State management is everything
The single most important decision in a Terraform-at-scale setup is how you manage state. We’ve converged on a few principles:
- One state file per environment per service. This limits blast radius and reduces lock contention
- Remote state with locking is non-negotiable. S3 + DynamoDB for AWS, GCS for GCP
- State should be read-only to humans. All state modifications happen through CI/CD pipelines
Module design matters
Poorly designed modules create more problems than they solve. Our module design guidelines:
- Modules should represent a single logical resource group (e.g., “VPC”, “EKS cluster”, “RDS instance”)
- Pin module versions. Use a module registry (Terraform Cloud or a Git-based approach)
- Expose only the variables that consumers need.

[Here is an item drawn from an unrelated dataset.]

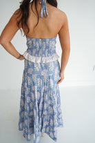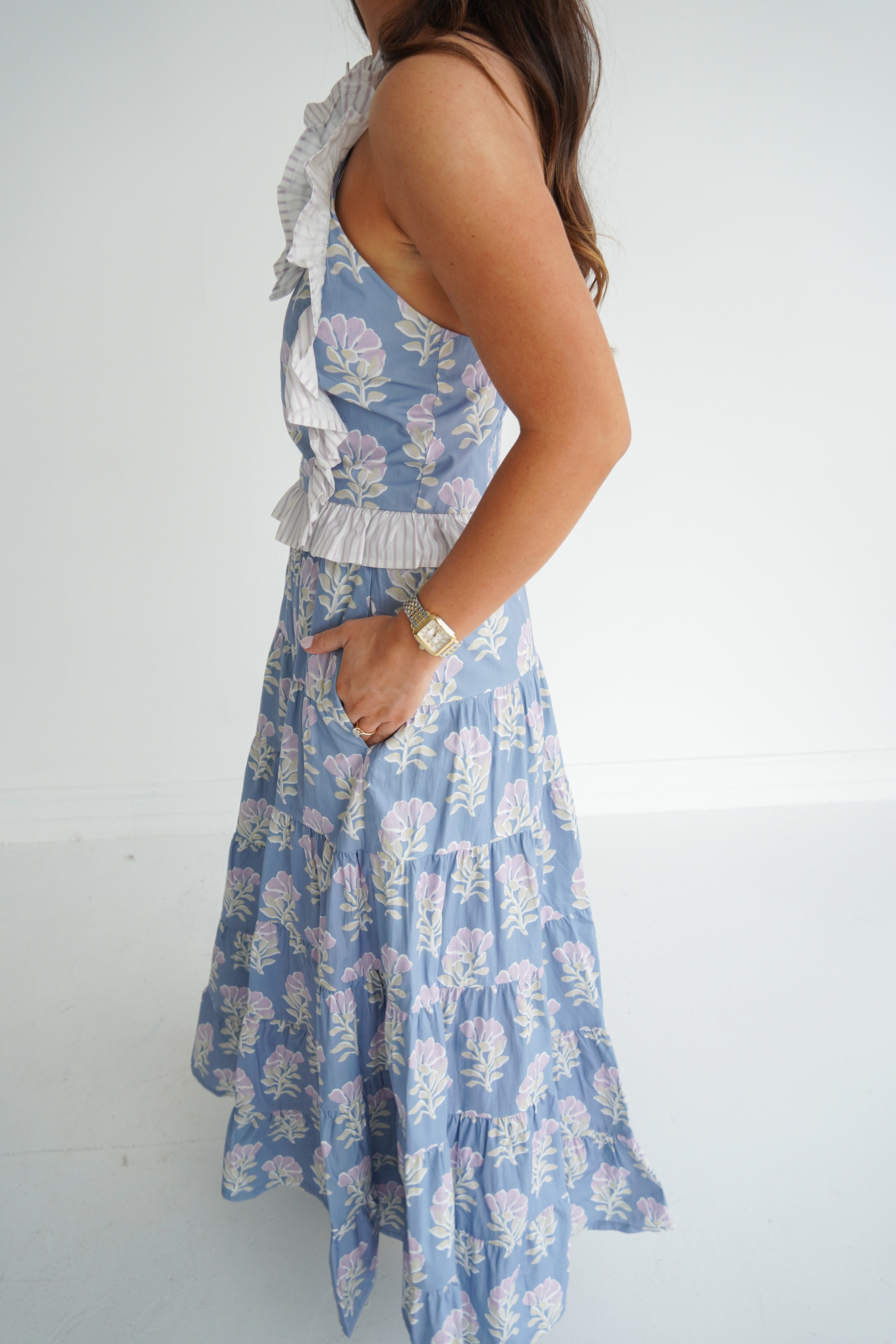 This romantic two-piece set features a soft dusty-blue base adorned with a delicate lavender and ivory floral print for an effortlessly feminine feel. The halter-style top showcases a statement ruffled neckline with a keyhole cutout at the center, adding a touch of drama and charm. Layered ruffle trim frames the bodice, creating beautiful texture and movement while flattering the silhouette.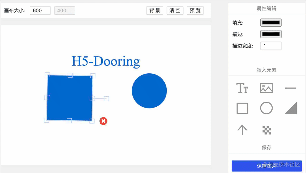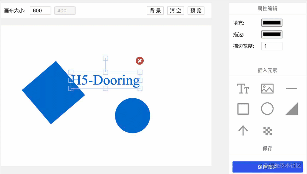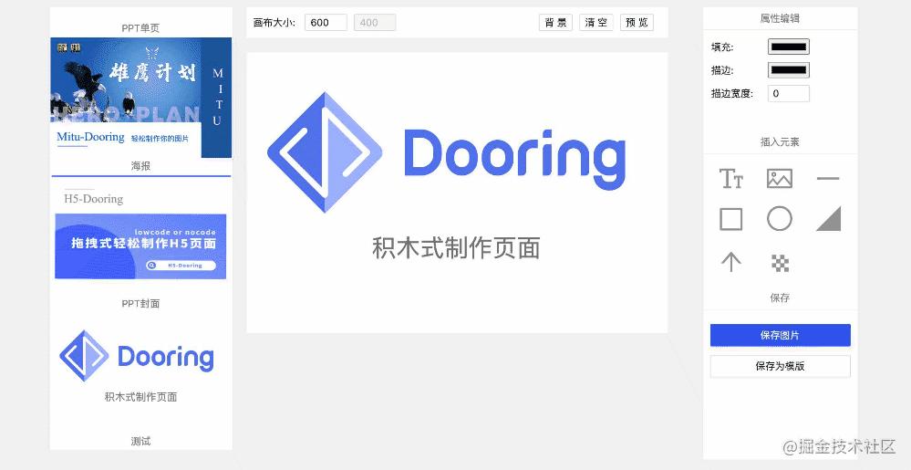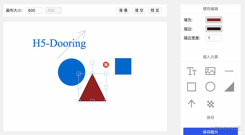属性编辑器主要是用来对图形属性进行配置的,比如填充颜色,描边颜色,描边宽度,目前我主要定义了这3个维度,大家也可以基于此继续扩展更多的可编辑属性,类似于 H5-Dooring 的组件属性配置面板。

Internal implementation details should be hidden
module "vpc" {
source = "app.terraform.io/nytra/vpc/aws"
version = "2.1.0"
name = "production"
cidr_block = "10.0.0.0/16"
azs = ["us-east-1a", "us-east-1b", "us-east-1c"]
}
Policy as code
Every Terraform workspace should have policy checks that run before apply:
- Cost estimation: Flag changes that would significantly increase spend
- Security scanning: Check for public S3 buckets, overly permissive security groups, unencrypted resources
- Naming conventions: Enforce consistent resource naming across the organization
We use Open Policy Agent (OPA) or Sentinel depending on the client’s toolchain.
The CI/CD pipeline
A production Terraform pipeline should include:
terraform fmt -check— enforce formattingterraform validate— catch syntax errorsterraform plan— generate and review the execution plan- Policy checks — security, cost, compliance
- Manual approval (for production)
terraform apply— execute the plan
Drift detection
Infrastructure drift is inevitable. Teams modify resources through the console, automated processes create resources outside of Terraform, and state diverges from reality.
Run terraform plan on a schedule (we recommend hourly for critical infrastructure) and alert on unexpected diffs. This turns drift from a slow-moving disaster into a manageable operational task.